Eckart von Hirschhausen

Früher war die Welt einfacher. Also ganz früher. Da wurden die Menschen nur 30 Jahre alt. Das heißt: Pubertät und Midlife-Crisis fielen zeitlich zusammen! Heute ist die Lebenserwartung deutlich länger. Und mit der Erwartung nehmen auch die Enttäuschungen zu.

Wer so alt wird, steht vor vielen Problemen. Zum Beispiel: Mit welcher Ausrede bekomme ich zwischen Schülerausweis und Seniorenpass eigentlich Ermäßigungen? Dafür bin ich mal Journalist geworden – um mit Presseausweis wenigstens ab und an wichtig tun zu können. Aber das ist auch nicht mehr das, was es mal war. Zumindest hat man aber als Journalist Zugang zu aktuellen Studien, und für heute habe ich eine mit einer sehr hoffnungsvollen Botschaft he­rausgesucht: Die Midlife-Crisis geht vorbei!

Wie alt fühlen Sie sich, verglichen mit der Angabe auf Ihrem Personalausweis?

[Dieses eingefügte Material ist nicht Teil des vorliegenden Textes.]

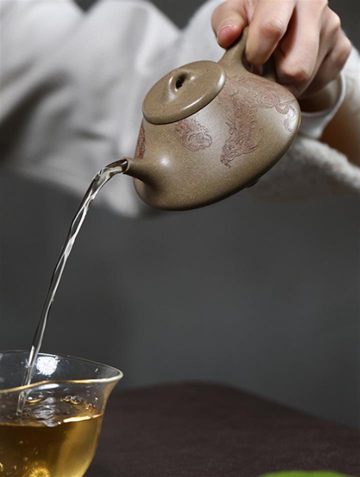 【泥料特點】砂土氣重,似淳實農民,日久使用,漸露鋒芒,養成變化,溫潤莊重。紫砂是壹種雙重氣孔結構的多孔性材質,氣孔微細,密度高。用紫砂壺沏茶,不失原味,且香不渙散,得茶之真香真味。紫砂使用越久,壺身色澤越發光亮照人,氣韻溫雅。紫砂壺長久使用器身會因撫摸擦拭,變得越發溫潤光澤。
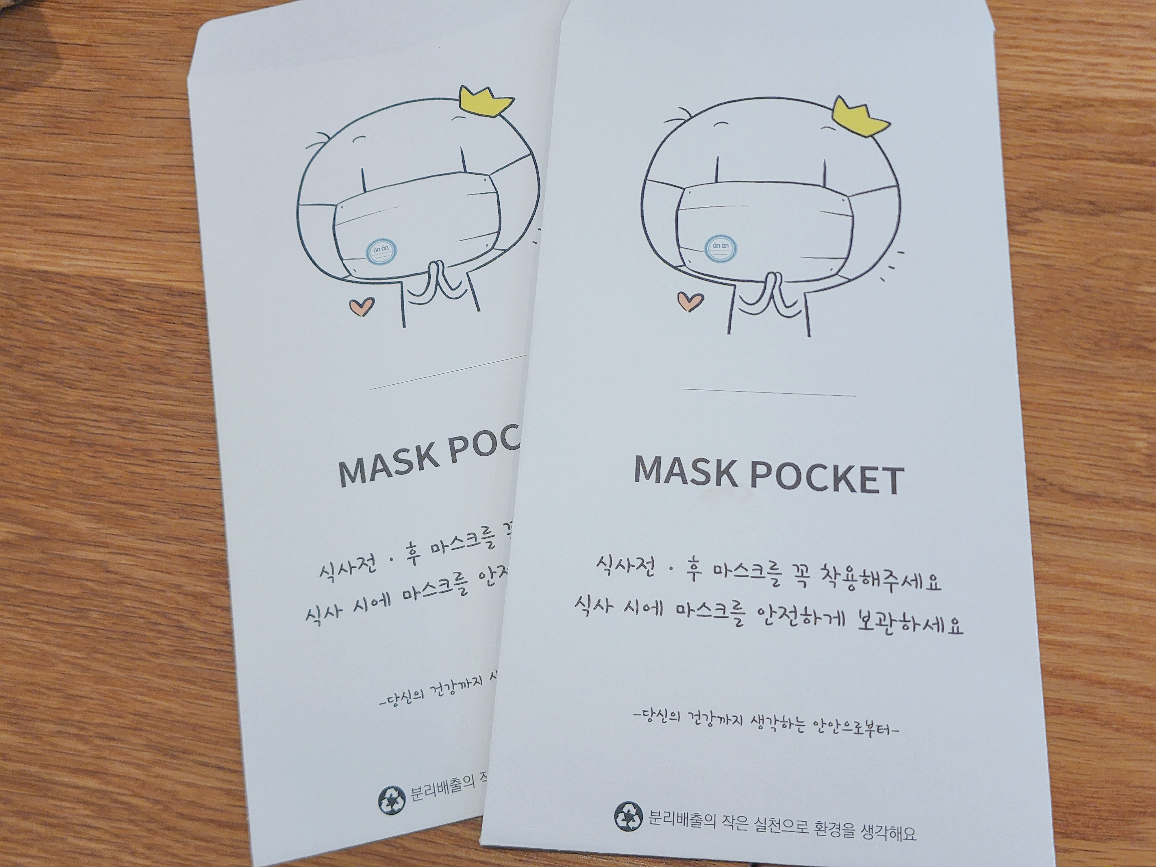 자리에 앉자, 따뜻한 차와 함께, 귀여운 마스크 포켓을 주셨어요. 15시 30분까지 식사를 할 수 있다고 해서 마음이 살짝 조급하긴 했습니다. 그래도 빨리빨리 세팅해주시고 음식도 10분 만에 나왔습니다.

  1. A) In etwa so alt, außer morgens
  2. B) Um Jahre jünger, das sehen Sie doch!
  3. C) Ey Alter, was soll die Frage?
  4. D) Wo ist eigentlich mein Ausweis?

Da man nie weiß, wie lange man lebt, ist die Mitte des Lebens ein sehr dehnbarer Begriff. Wie auch die Mitte des Körpers in dieser Lebensphase gerne ihre Dehnbarkeit unter Beweis stellt. Übrigens, für alle Leser meiner Generation: Die Überschrift entstammt der SMS-Kultur von Abkürzungen für fundamentale Weisheiten und steht für "You only live once", man lebt nur einmal.

In den wenigsten Nachrichten steht allerdings, was aus dieser Erkenntnis folgt. Darf man sich völlig unvernünftig verhalten, weil es ja nur auf den Moment ankommt? Oder ist das ein verstecktes Memento mori – lehre uns, den Tod zu verstehen, auf dass wir leben lernen? Oder gar eine religiöse Kampfansage an die Hindus? Zumindest sind die ziemlich entspannt mit Kritik an ihrer Religion. Kein Wunder, wenn man so viele Leben hat, die sitzen das einfach aus.

Vermutlich denkt kein Jugendlicher so weit, denn bis dahin ist garantiert schon eine Antwort gekommen, auf die man dann wieder geantwortet hat ... Nun aber endlich das Studienergebnis: Ab 60 geht es aufwärts mit der Stimmung! Schluss mit der Illusion, wir wären mit Pickeln statt Falten auf der Stirn glücklicher. Die WHO hat das untersucht, länderübergreifend. Der Preis für das späte Glück ist das Tief in der Lebensmitte. Das braucht es offenbar, damit es anschließend wieder aufwärtsgehen kann.

Die Forscher sichteten Umfragen zur Lebenszufriedenheit weltweit. In Afrika ist sie durchgängig niedrig, in Osteuropa, der früheren Sowjetunion und Lateinamerika geht es mit dem Alter kontinuierlich abwärts. In reicheren, englischsprachigen Ländern dagegen wird mit etwa 50 Jahren eine Talsohle durchschritten. Weshalb gerade dann? Der Idealismus der Jugend verschleißt sich auf dem Weg durch die Institutionen, die ersten Macken des Körpers zeigen sich. Mit 50 regt man sich noch auf, wenn das Knie wehtut. Ab 60 ist man froh, wenn es nur das ist.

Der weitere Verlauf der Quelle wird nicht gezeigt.